Greetings … Well, this preliminary marking on the 9th symphony could also indicate that Beethoven thought other people might be unsure of how to operate the thing. Musical notation is intended for communication, which implies two (at least) people. If the potential for confusion exists, it does not imply Beethoven himself was confused, let alone systematically mistaken.

Indeed the Maelzel marking is potentially misreadable by non-experts - though my piano teacher never had a moment of doubt that it should be taken from the top of the weight - and the original machines were definitely easier to read from the top, see Johann Nepomuk Maelzel - Wikipedia).

It seems a stretch to assume that Beethoven, being alive at the same time as Maelzel, meeting him in Vienna and having had a large degree of communication with him, and becoming as a consequence a quite strong advocate of the metronome, would have made this basic mistake throughout nearly a whole decade without there being some tangible record that he had made a mistake.

For example, there might be an entry in his conversation books saying ‘Damn that Maelzel, I have been taking his tempo from the bottom of the weight all this time when it should have been the top! Now I will have to get Steiner to re-engrave all the pages with those stupid numbers. But at least I can get it right for my 9th symphony!’.

But, there is no such evidence of Beethoven being aware of making a mistake.

The ‘clincher’ in this context is … that 108, as a tempo for the 9th symphony first movement, is also a lot faster than almost all 20th century conductors take it. Even ‘period’ experts. Probably even more than 20% faster.

So the theory utterly fails to explain the case it ought to explain perfectly : the discrepancy between Beethoven’s marked tempo (108bpm) and the ‘usual’ tempo for the very movement where this marking appears (70-80-ish).

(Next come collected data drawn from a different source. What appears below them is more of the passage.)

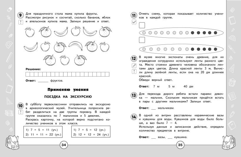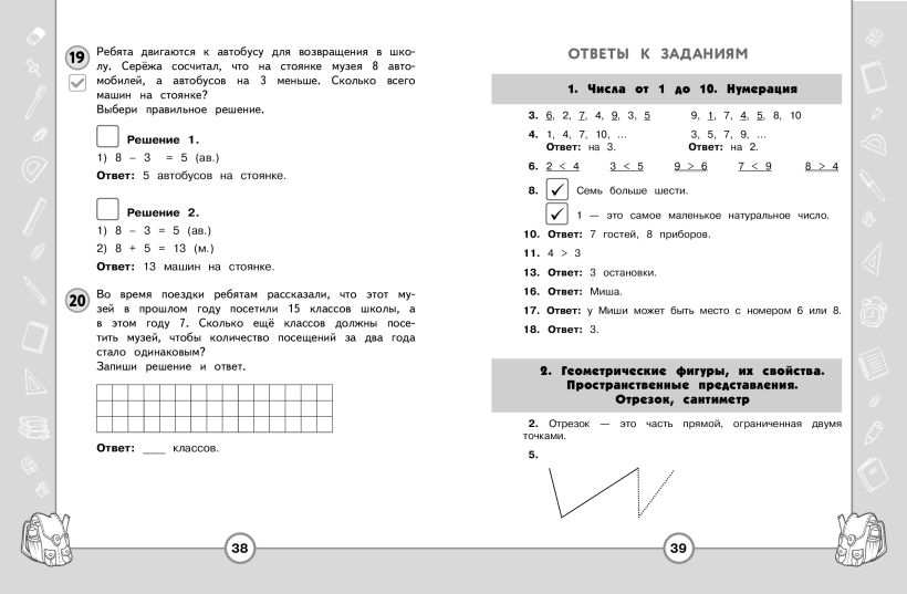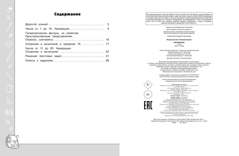 Данный тренажёр предназначен для учащихся 1 класса общеобразовательных школ. Основная цель этого пособия — закрепление знаний, полученных на уроках математики, и их применение не только во время контрольных или проверочных работ, но и в реальной жизни.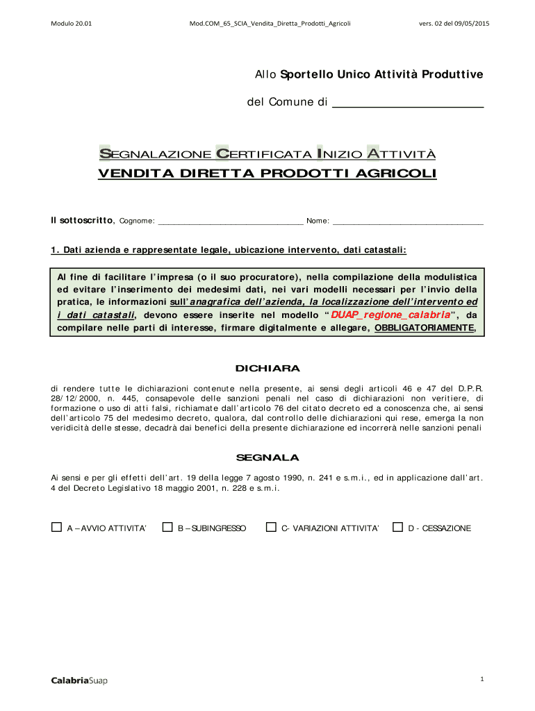 Modulo 20.01 Mod.COM 65 CIA Vending Biretta Product Agricola very. 02 Del 09×05/2015 All Portillo UNIDO Activity Productive Del Commune di SEGNALAZIONE CERTIFICATE INITIO ACTIVITY VEND ITA BIRETTA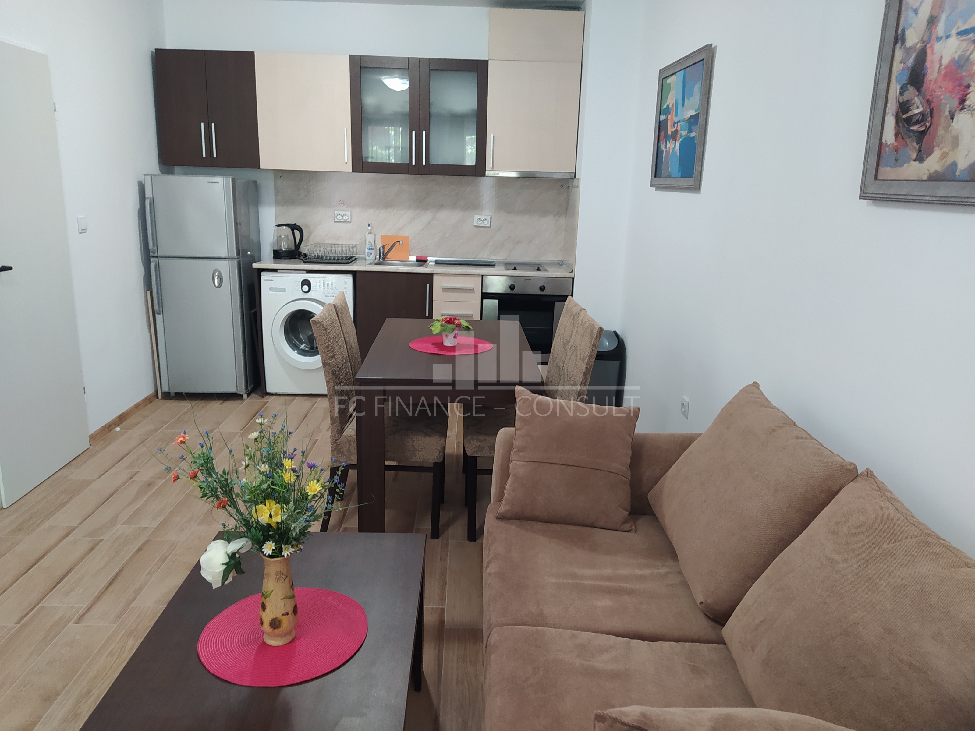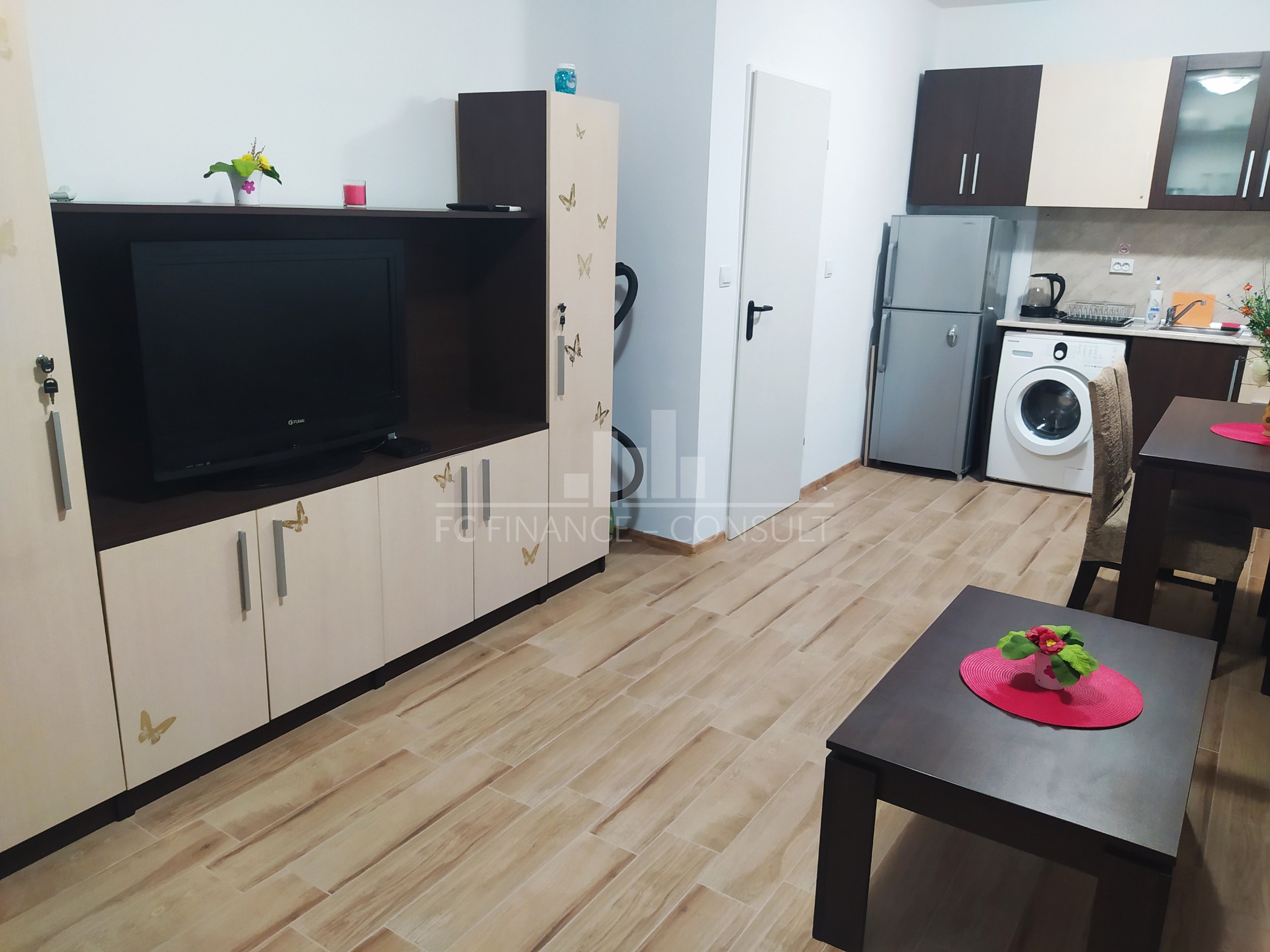 Тип недвижимости: 2-комн. • Планировка: прихожая, спальня, гостиная с кухонным уголком, ванная комната с туалетом, балкон • Размер: 64 м2 • Этаж: 2 из 5 • Вид: сад, улица • Расстояние от пляжа: 10 метров • Обслуживание мест общего пользования: 12 eur/м2 в год • Возможность рассрочки недвижимости в течение 5 лет: да • Минимальный депозит: 30000 евро • Возможность ежегодного возврата инвестиций: да • Расположение и удобства комплекса: комплекс расположен на пляже; бассейны, включая детский бассейн; рецепция; парковка: в комплексе, на улице; ресторан с болгарской/европейской кухней; продуктовые магазины и пляжные удобства; фитнес в помещении; сауна; спа; турецкая баня; детский клуб; детские и спортивные площадки; массажный салон; медицинский центр; туристическое агентство; прокат автомобилей; безопасная парковка; 2 бассейнов для детей и взрослых, шезлонги у бассейна предоставляются бесплатно; теннисный корт; настольный футбол; бильярд и настольный теннис; сквош.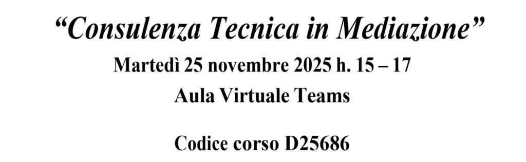 Il tema sarà “Consulenza Tecnica in Mediazione” e anche questa volta il corso sarà organizzato in collaborazione con la Formazione Decentrata della Scuola Superiore della Magistratura e garantirà i crediti formativi.

Norrington’s first movement at only quarter=82 already sounds fast enough to elicit objections. Even the posthumous consensus marking quarter=88 is ‘too fast’ relative to almost all recordings.

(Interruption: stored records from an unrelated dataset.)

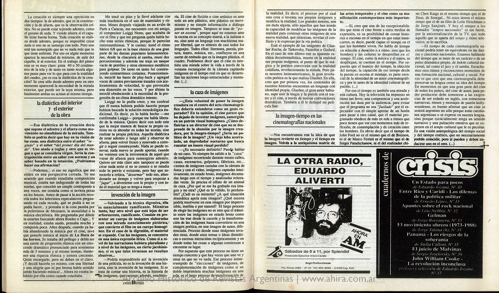 Pino Solanas murió el 7 de noviembre pasado. Tenía 84 años y una trayectoria que dejó huella en política y en el cine. En marzo de 1989, la revista crisis publicó un fragmento de un diálogo que tuvo con Horacio González, que luego se plasmó en el libro Mirada. Reflexiones sobre cine a propósito de Sur, en el que pueden conocerse sus secretos a la hora de filmar, de pensar las escenas y de entender la industria. Una charla en la que puede disfrutarse del Solanas artista y sus lúcidas reflexiones sobre el proceso creativo.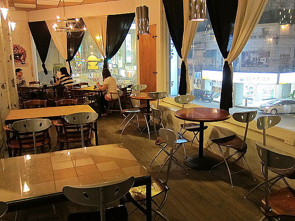 這兒提供一些簡單的餐點,像是淋上葡萄酒醬汁的新加坡雞肉或海鮮料理飯(或義大利麵)(210元);豬肉、牛肉、海鮮、羊肉或蛤蜊火鍋(160元)。若你想點份快餐或小吃,這兒也有Focaccia義大利式霍卡恰麵餅(60元);烤馬鈴薯(100元);加火腿及起司的法國麵包(120元)。飲料則有咖啡(60元至130元),茶及果汁(60元至160元);啤酒或雞尾酒(120元)。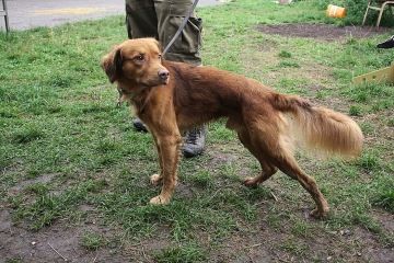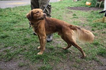 Tomáš je mladý pes - jsou mu dva roky. Je to kříženec ohaře. Je milý, aktivní, základní výcvik nemá, ale na vodítku umí chodit pěkně. Bez problému se snese s fenami a menšimi psy, na ty větší to zkouší, ale u nás ho čeká škola psího chování - pomalu ho začneme začleňovat do smečky, kde máme i větší pejsky.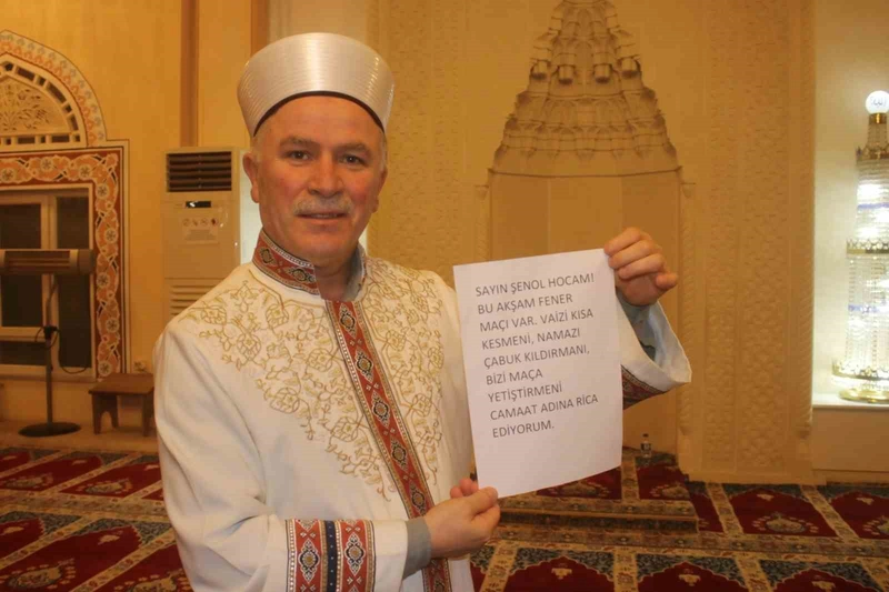 Giresun'un Görele ilçesinde, Kumyalı Mahallesi'ndeki Şehitlik Camii'nde geçtiğimiz pazartesi akşamı teravih namazı öncesi ilginç bir olay yaşandı. İmam Şenol Yılmaz, vaaz vermek üzere kürsüye çıktığında minberde bir notla karşılaştı. Notta, "Bu akşam Fener maçı var. Vaizi kısa kesmeni, namazı çabuk kıldırmanı, bizi maça yetiştirmeni rica ediyoruz" yazıyordu.

The ‘from the top’ tempo 108 is, though, consistent with his other ‘too fast’ tempos in being … well, too fast. Just like the Hammerklavier first movement. Whatever one may think of the ‘108 or 120’ marking it doesn’t do anything to reconcile Beethoven’s numbers with 20th century performance.

Beethoven somehow - despite knowing Maelzel personally - screwing up how to read the metronome is a ‘clever’ proposal that has been made several times, but it turns out to be superficial, illusory, and not a solution to anything. There are still possible psychological explanations for ‘too fast’ markings - eg the difference in perception between playing a piece ‘in one’s head’ or on the piano, vs. it being performed by a full orchestra in a hall - and we will have to be satisfied with suchlike for the time being.
(Much the same could be said for Schumann’s markings.)

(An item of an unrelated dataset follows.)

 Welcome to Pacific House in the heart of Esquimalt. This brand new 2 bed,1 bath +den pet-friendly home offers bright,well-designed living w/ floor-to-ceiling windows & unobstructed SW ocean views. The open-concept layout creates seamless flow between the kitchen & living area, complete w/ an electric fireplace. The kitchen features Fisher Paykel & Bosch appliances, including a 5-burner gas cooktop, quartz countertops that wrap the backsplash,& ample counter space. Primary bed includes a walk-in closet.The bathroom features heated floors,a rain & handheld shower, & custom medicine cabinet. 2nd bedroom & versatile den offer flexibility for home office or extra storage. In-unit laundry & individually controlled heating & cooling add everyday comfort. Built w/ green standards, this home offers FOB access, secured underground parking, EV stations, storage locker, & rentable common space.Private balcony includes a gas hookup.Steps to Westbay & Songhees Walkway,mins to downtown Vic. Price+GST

Some of the same points are made in a nice article here - metronome marks for Beethoven’s Ninth Symphony in context | Early Music | Oxford Academic

Here is a rather bittersweet view on this topic - Peter Stadlen - Wikipedia

" Stadlen spent many years trying to track down Beethoven’s metronome, an invention which Beethoven had commissioned. It was believed that the weight on his metronome was faulty as some of the speeds written on his pieces seemed incorrect. He wished to ascertain the make-up of this weight and to see the correct speeds which Beethoven himself had intended. He finally tracked it down to a small antiques shop only to discover that, although the metronome itself was intact, the weight itself was missing."